The escorts are a “non-hierarchal group of autonomous individuals”, as they say. I had the pleasure of meeting a few of the regular escorts that morning. Each one approached us with smiling faces. They nurtured us, keeping us under their wings. S and I were the youngest escorts on the sidewalk. C manned the corner of Market Street. He wore a pin on his vest that read, “this is what a feminist looks like” with an arrow pointed upward. I loved it. He struck me as such an educated man, genuine and kind, passionate about his reason for being there. What makes the Louisville Clinic Escorts and the protesters different is that we are there to help people, help women; they are there to hinder women from seeking medical care.
I encountered an entirely new species that morning in front of the clinic, anti-choice protesters. As I stood on the corner of Market, the young women who approached me when I first had arrived that morning approached me again. “What are you getting out of being here?” I had to think about that for a second. I had already gotten so much out of the experience. “I’m here to help women. To support them in a terribly difficult decision in their life. To let them know that they can be empowered to do what is best for them, and most importantly; because I trust women.” She argued with me that “the babies the doctor is killing could be women too,” but I had learned that morning the best way to deal with a protester is to ignore them. She was quick to spit, “You will have the blood of these dead children on your hands,” before she pivoted on her heels and scurried away.
The way the protesters speak to people is degrading. They believe they are entitled to your time and conversation and if you deny them of that their blood starts to boil. The only defense tactic they use is shame. They yell slurs like, “You will have to answer to god one day for this!” and “You’re making such a selfish decision, what about the baby?!”

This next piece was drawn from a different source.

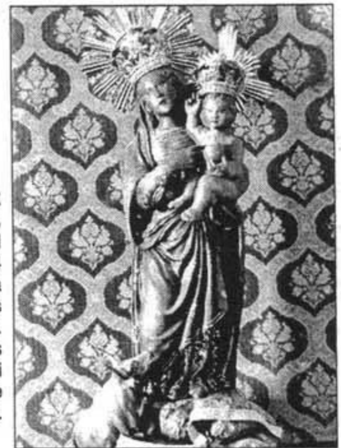
VERGE DEL TORO. Se'n van fer al voltant de 14 còpies per a diferents esglésies. L'original es troba al Santuari de la Mare de Déu del Toro.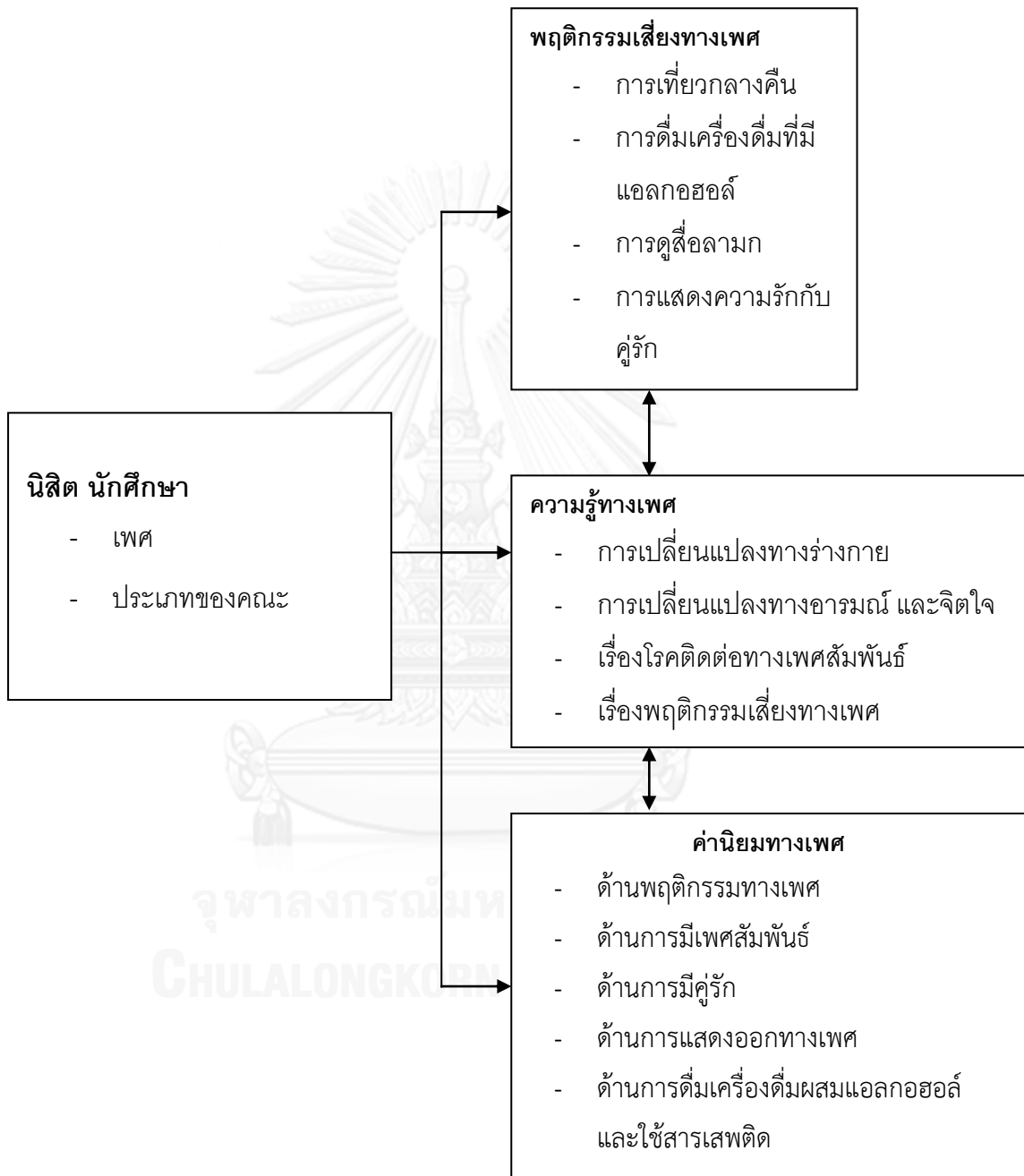
แผนภาพที่ 1 กรอบแนวคิดในการวิจัย

Some of the script they use is more comical. While I was standing at the clinic’s property line that morning, soaking in the surroundings, a protester steps next to me and begins shouting at the window. “You could die in there! If this facility catches fire you will be under anesthesia and not able to get out. You would die in there just like your baby!”, a regular protester, Donna, belted. My jaw dropped. All these people with their signs readings, “Abortion Kills Children” and their rosaries singing the same hymn over and over again, they are all the same. I thought to myself, how could these people wake up so early in the morning with so much hate in their heart where they feel the need to focus it on people around them? I turned to F and asked if things like Donna had just said is normality around here. She laughed, “I hear that line about once a week.”
The night after escorting I caught myself staring at the ceiling processing what I had been exposed to that day. All the emotions I had felt rushed back through my mind. I realized that the attack on women seeking abortions is an outrageous reality in this country. I saw that these clients need someone there to help them feel empowered. I realized that women aren’t trusted to make their own reproductive health choices. As I lay there reflecting on how this escorting experience affected me I realized my new passion, the burning in my heart, I wanted to help and that I 100% trusted women.